Digging Into Normal Incorporated Stereo Matching
This work addresses a bottleneck in stereo matching for computer vision applications, but it is incremental as it builds on existing learning-based methods with specific geometric enhancements.
The paper tackled the problem of disparity estimation in challenging regions like low-texture, occluded, and bordered areas in stereo matching by incorporating geometric guidance from normal maps, resulting in a method that ranked 1st on the KITTI 2015 dataset and 3rd on the Scene Flow dataset.
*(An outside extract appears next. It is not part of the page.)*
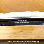 Bake at 150°C/300°F for 1 hour 50 minutes, until fully cooked. (Reminder: If your Cotton Sponge Cake does shrink when out of oven, then your oven temperature is too hot. Try reducing baking temperature to 140°C. The cake should rise slowly during baking to prevent it from over-rising then collapsing when out of oven.)
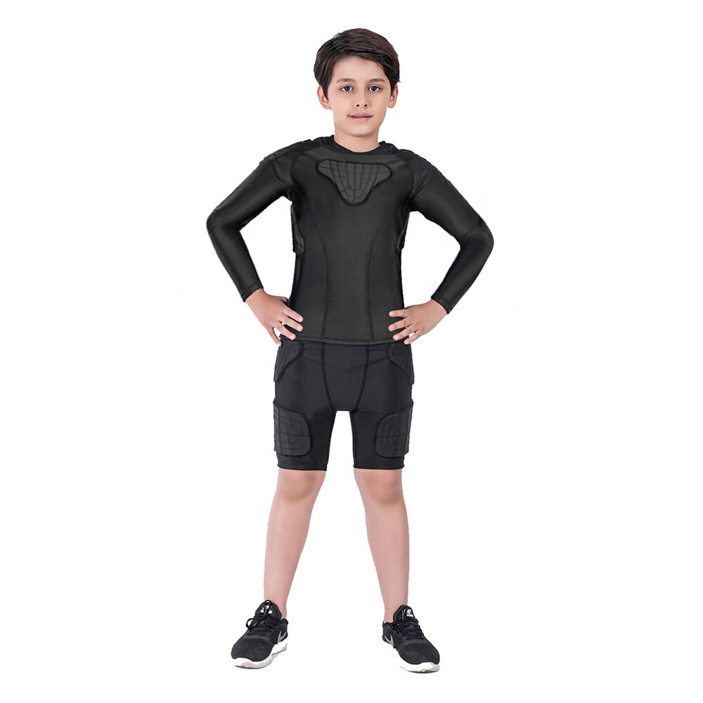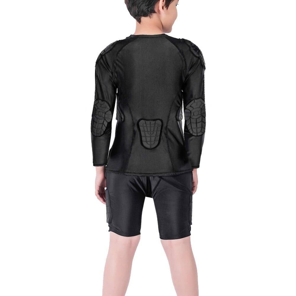This youth long sleeve compression shirt is armored with industrial-leading padding technology that absorbs up to 95% of impact. Total 8pcs thick pads covering on your shoulders, elbow, lower back, chest and ribs. Can provide stable protection for your kids. Great for football padded shirt, paintball long-sleeve shirt, chest armor, baseball catcher chest protector! TUOY YOUTH PADDED COMPRESSION LONGSLEEVES SHIRT For Youth / Kids / Boys – Safer, Stronger, Faster 90% Polyester + 10% Spandex Strong Padding: 10mm professional foam padding integrated with breathable nylon fabric. Padding Area: Chest, Rib, Elbow, Shoulder & Lower Back. Shirt Size(Chest): S= 25-26.5 inch, M= 26.5-28.5 inch, L= 28.5-30 inch, XL= 30-32 inch. Moisture wicking Machine wash and dry Elastic and breathable Unique Padding System This padded shirt provides the ultimate combination of protection and flexibility, High-compression, Polyester/Spandex, Quick Dry, moisture management fabric. Wrap well around padding offers great protection to main area, allows full range of motion and comfort. Sternum/ Heart Protection Foam Padding coverage in key sternum area 16*11 cm chest pad. Rib Protector Great for rib protector shirt, padded football shirt & paintball shirt. 16*11 cm rib pad on both sides. Shoulder & Elbow Pads Improved Padding Tech to protect shoulder and elbow with a snug fit.10*14 cm pads. Back / Spine Protector Protect main lower back spine.11*8 cm pad.

Despite the remarkable progress facilitated by learning-based stereo-matching algorithms, disparity estimation in low-texture, occluded, and bordered regions still remains a bottleneck that limits the performance. To tackle these challenges, geometric guidance like plane information is necessary as it provides intuitive guidance about disparity consistency and affinity similarity. In this paper, we propose a normal incorporated joint learning framework consisting of two specific modules named non-local disparity propagation(NDP) and affinity-aware residual learning(ARL). The estimated normal map is first utilized for calculating a non-local affinity matrix and a non-local offset to perform spatial propagation at the disparity level. To enhance geometric consistency, especially in low-texture regions, the estimated normal map is then leveraged to calculate a local affinity matrix, providing the residual learning with information about where the correction should refer and thus improving the residual learning efficiency. Extensive experiments on several public datasets including Scene Flow, KITTI 2015, and Middlebury 2014 validate the effectiveness of our proposed method. By the time we finished this work, our approach ranked 1st for stereo matching across foreground pixels on the KITTI 2015 dataset and 3rd on the Scene Flow dataset among all the published works.